Павел Арсентьевич соотнес Гавайские острова с грядущим летом и неуверенно завел речь о Сочи.
– Этот муравейник в унитазе? – удивилась Верочка с пугающей прямолинейностью выражений. – Приличные люди давно туда не ездят.
И настояла на Иссык-Куле: горный воздух, экзотика и фешенебельная удаленность от перенаселенных мест.
Под черным флагом пиратствовал Павел Арсентьевич в обманчивом океане добрых дел.
Но петля оказалась затяжной. Павел Арсентьевич пытался сообразить, чего ему не хватает. Первые признаки недовольства он обнаружил в себе через несколько месяцев.
В яркое воскресенье, хрустя по синим корочкам подтаявшего снега, Павел Арсентьевич высыпал помойное ведро и с тихой благостностью помедлил, постоял. В безлюдном (время обеда) дворе обряженная кулема на качелях – Маришка из второго подъезда – старательно сопя, пыталась раскачаться. «Сейча-ас мы…» – Павел Арсентьевич подтолкнул, еще, Маришка пыхтела и испускала сияние от удовольствия и впечатлений.
В лифте он вспомнил… и не то чтобы даже омрачился… но весь тот день не исчезала какая-то тень в настроении.
С этого эпизода, крупинки, началась как бы кристаллизация насыщенного раствора.
Павел Арсентьевич честно спросил себя, не надоели ли ему деньги, и так же честно ответил: нет. Неограниченность материальных перспектив скорее вдохновляла. Но…

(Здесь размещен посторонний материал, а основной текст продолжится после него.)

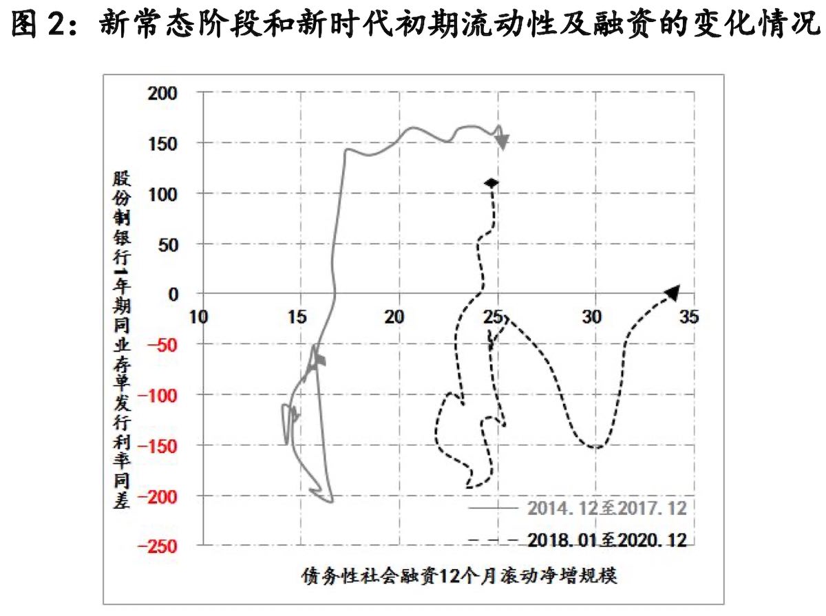 若按照新常態(tài)時(shí)期,穩(wěn)杠桿操作的經(jīng)驗(yàn)(社融穩(wěn)定同時(shí),商業(yè)銀行長(zhǎng)期資金利率上升,當(dāng)社融重返擴(kuò)張之后,資金利率才得以穩(wěn)定),預(yù)計(jì)明年純債務(wù)性社會(huì)融資12個(gè)月滾動(dòng)凈增量將穩(wěn)定在目前35萬億左右的水平,但商業(yè)銀行長(zhǎng)期資金利率則會(huì)繼續(xù)上升,以股份制銀行為例,其1年期的同業(yè)存單發(fā)行利率可能回升至4.3%以上,即在穩(wěn)杠桿和兼顧經(jīng)濟(jì)恢復(fù)的訴求下,流行性狀況略緊,但融資環(huán)境不會(huì)大起大落,金融對(duì)實(shí)體的支持力度能夠得到保持。

Накапливалась одновременно и какая-то связанность, усталость. Он больше не был ни легок, ни чудаковат, и сам знал это. Павел Арсентьевич отметил в себе моменты внутреннего злорадства при совершении своих добрых дел. Мол, нате, – а знали бы вы… Стал ловить себя на нехороших, неожиданно злых мыслях.
Он понял, что профессия оказалась тяжелее, чем он предполагал. И, пожалуй, оплата, как ни высока она теперь была, производилась все же по труду. Этот успокоительный вывод, вместо того чтобы укрепить душевное равновесие Павла Арсентьевича, непонятным образом усиливал внутреннее раздражение.
Система меж тем функционировала отлаженно, от Павла Арсентьевича даже не требовалось личной инициативы. Однако к каждому поступку ему теперь приходилось понуждать себя, и он отчетливо сознавал это.
Бунт вызревал в трюме, как тыква в погребе.
Но сначала в марте пришло письмо от брата, из Новгорода. Просил приехать.
Затемно в субботу Павел Арсентьевич и отбыл «Икарусом» с Обводного и вкатил в Новгород серебряно-солнечным утром.
В ободранной квартире, похмельный – нехорош был брат… После ухода жены (несколько лет назад) он тосковал, запивал иногда, говорил о жизни, жалел всех и все пытался объяснить…
Они пили в кухне, нежилой, голой – два брата, два невеселых стареющих мужика, и думал Павел Арсентьевич, что лучше б Нина его разлюбезная ушла гораздо раньше, и все бы тогда еще сложилось счастливо, пьянел, считал ее стервой и шлюхой, а потом и ее жалел, и бубнил неискренне, что все к лучшему, и искренне – что она из тех, на ком вообще жениться нельзя…
Наутро брат встал снова черен, Павел Арсентьевич потащил его выгуливать, под закопченными сводами «Детинца» осетрину по-монастырски медовухой запили, а вечером дома он заставил его разгребать мусор, пришивать номерки к грязному белью и менять перегоревшие лампочки.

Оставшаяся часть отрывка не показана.